*Prompt*
A faithful copy is required of the lines from the top of the entries through the line that contains "Join me alongside", both included, with no pictures.

:: The records ::

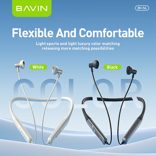 BAVIN HB-BH56 Hi-Fi Bluetooth Neckband Sport Headphones w/Built-In Microphone Compatible w/Android & iPh
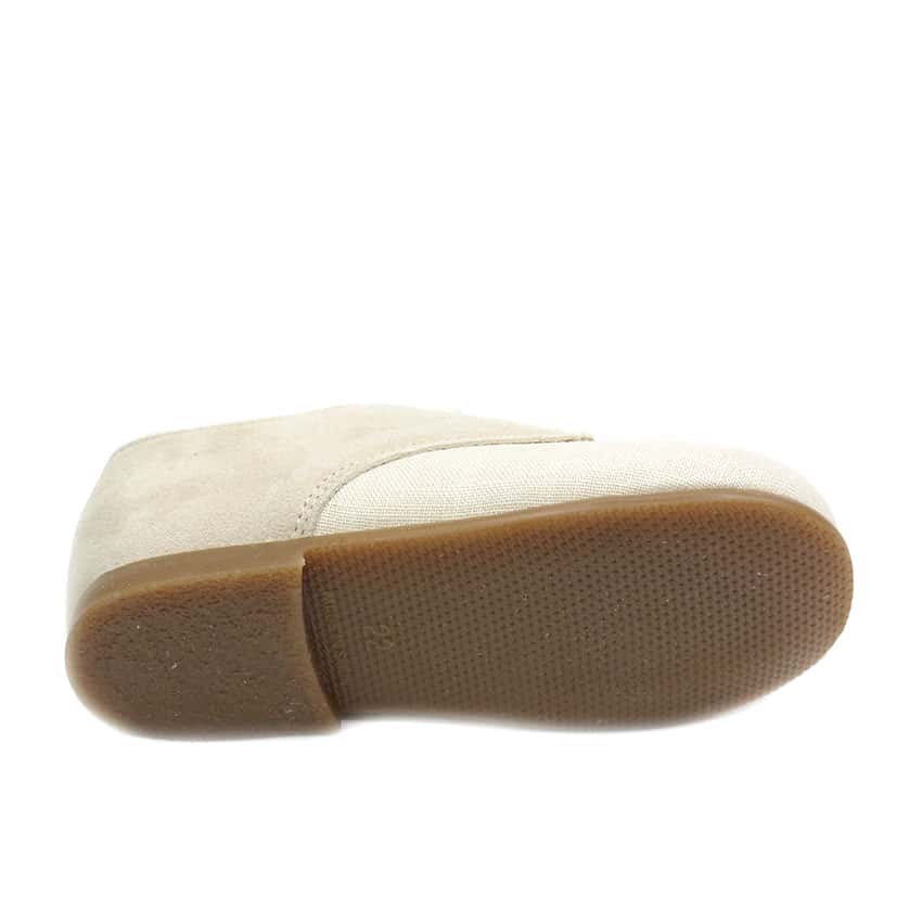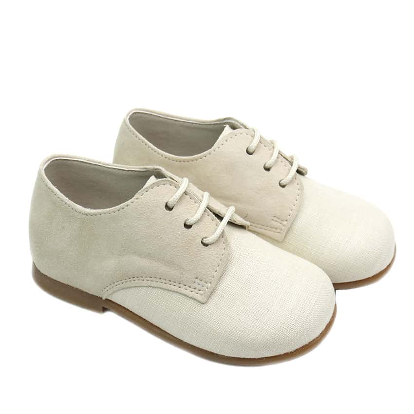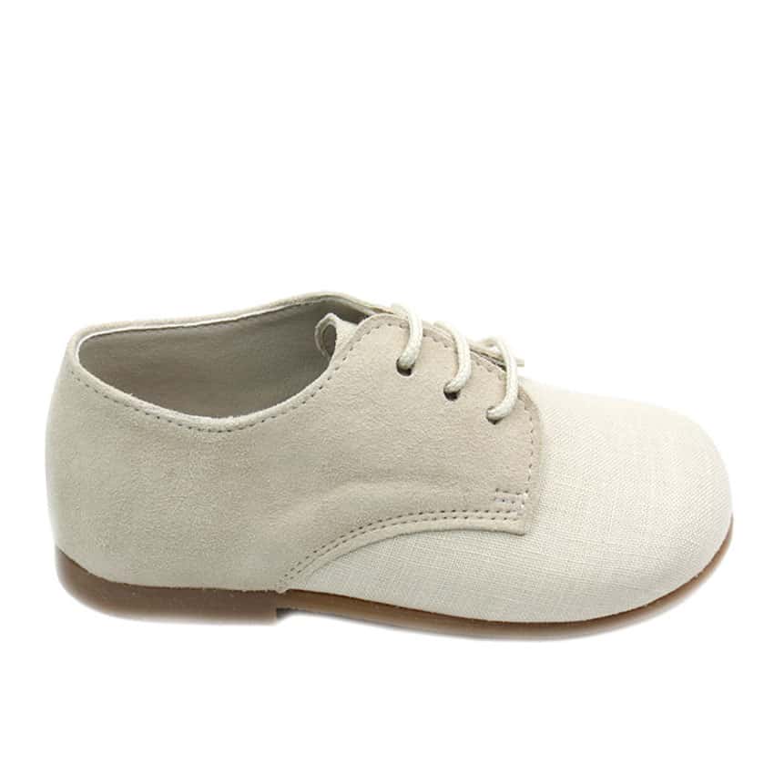 Blucher para niño diseñado en lino y ante color beige, Un calzado elegante ideal para bautizos y comuniones.
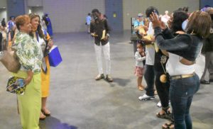 After the ceremony, new graduate Diamond Washington and mother Victoria Cox-Washington (left) celebrate the achievement as family members snap pictures.
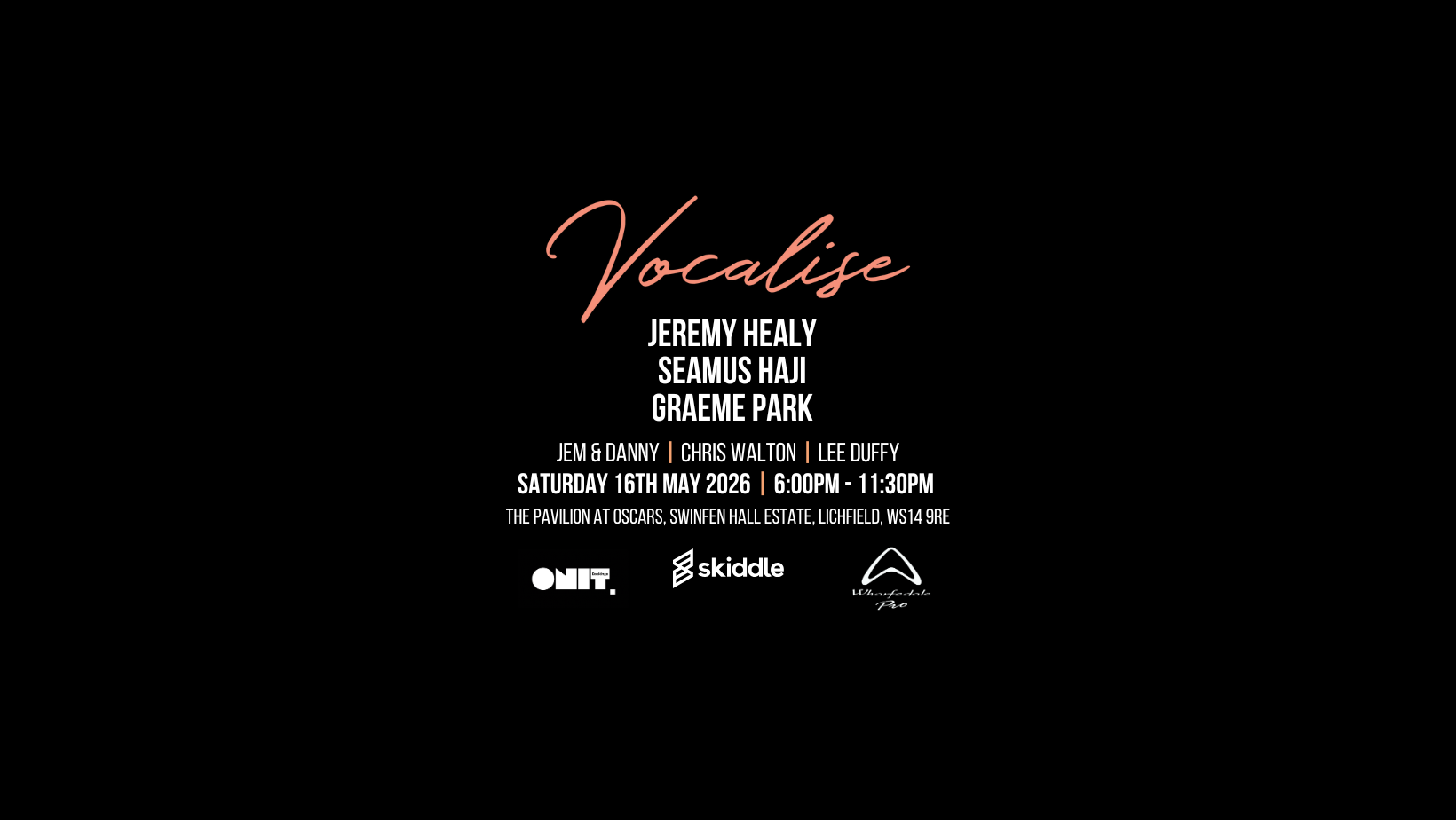 Join me alongside Seamus Haji and Jeremy Healy for Vocalise at The Pavilion at Oscars on the Swinfen Hall Estate in Lichfield on Saturday 16th May. Limited tickets from Skiddle.
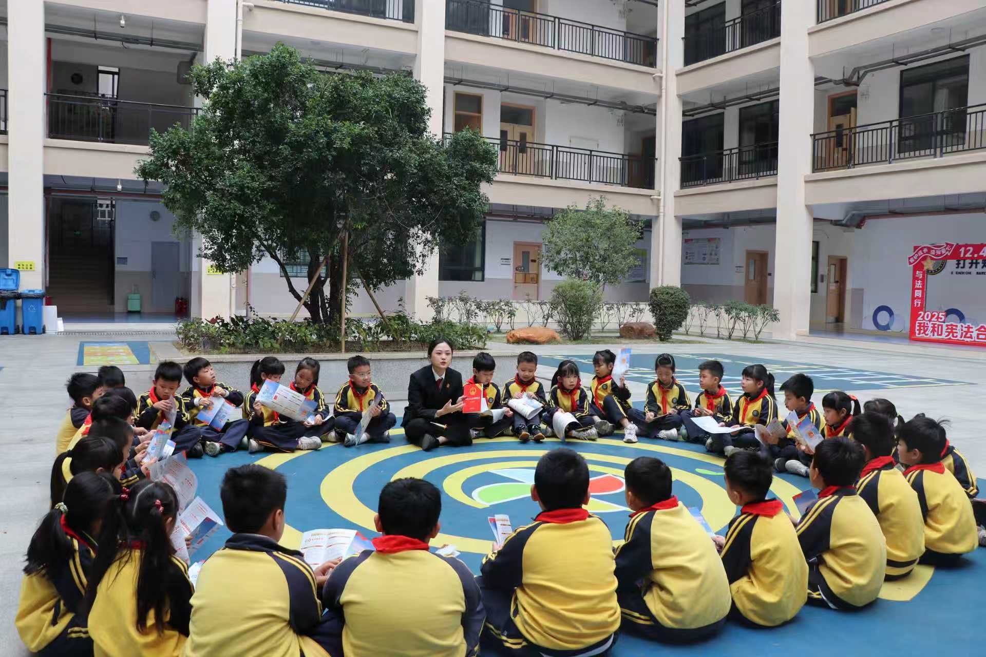 12月4日是我国第十二个国家宪法日。为弘扬宪法精神、增强青少年法治意识,陆丰市人民法院组织干警走进春源双语学校,开展了一场别开生面的“学习贯彻习近平法治思想,推动宪法深入人心”主题宣传活动。 初冬暖阳洒满校园,同学们围坐一圈,目光专注。法院干警用通俗易懂的语言,从“宪法与我们的关系”讲起,通过生动案例阐释宪法赋予公民的权利与义务,让高高在上的宪法条文变得亲切可感。 随后进行的宪法知识问答环节,将现场气氛推向高潮。同学们踊跃举手,争相回答,在互动碰撞中,宪法知识不再是书本上冰冷的文字,而是融入思考的鲜活认知。 “中华人民共和国公民有受教育的权利和义务……”清脆整齐的诵读声在操场回荡。在“宪法朗读”环节,同学们齐声诵读部分宪法条款,庄严的氛围让宪法的神圣感浸润心田。 活动最后,同学们纷纷站到宪法打卡墙前,分批次与宪法合影留念,不仅定格了灿烂笑容,更将尊崇宪法、学习宪法、遵守宪法的信念深深镌刻在青春记忆里。 宪法教育是青少年成长的必修课。陆丰法院将持续开展形式多样的普法进校园活动,让法治精神在少年心中扎根,护航青春与法治同行,为培养自觉尊法学法守法用法的新时代少年贡献司法力量。 来源:陆丰法院
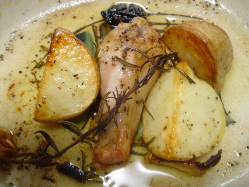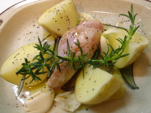 材料は鶏手羽元1本、新ジャガ1個、にんにく2こ、ローズマリー適量。

:::

*Task result*
 BAVIN HB-BH56 Hi-Fi Bluetooth Neckband Sport Headphones w/Built-In Microphone Compatible w/Android & iPh
 Blucher para niño diseñado en lino y ante color beige, Un calzado elegante ideal para bautizos y comuniones.
 After the ceremony, new graduate Diamond Washington and mother Victoria Cox-Washington (left) celebrate the achievement as family members snap pictures.
 Join me alongside Seamus Haji and Jeremy Healy for Vocalise at The Pavilion at Oscars on the Swinfen Hall Estate in Lichfield on Saturday 16th May. Limited tickets from Skiddle.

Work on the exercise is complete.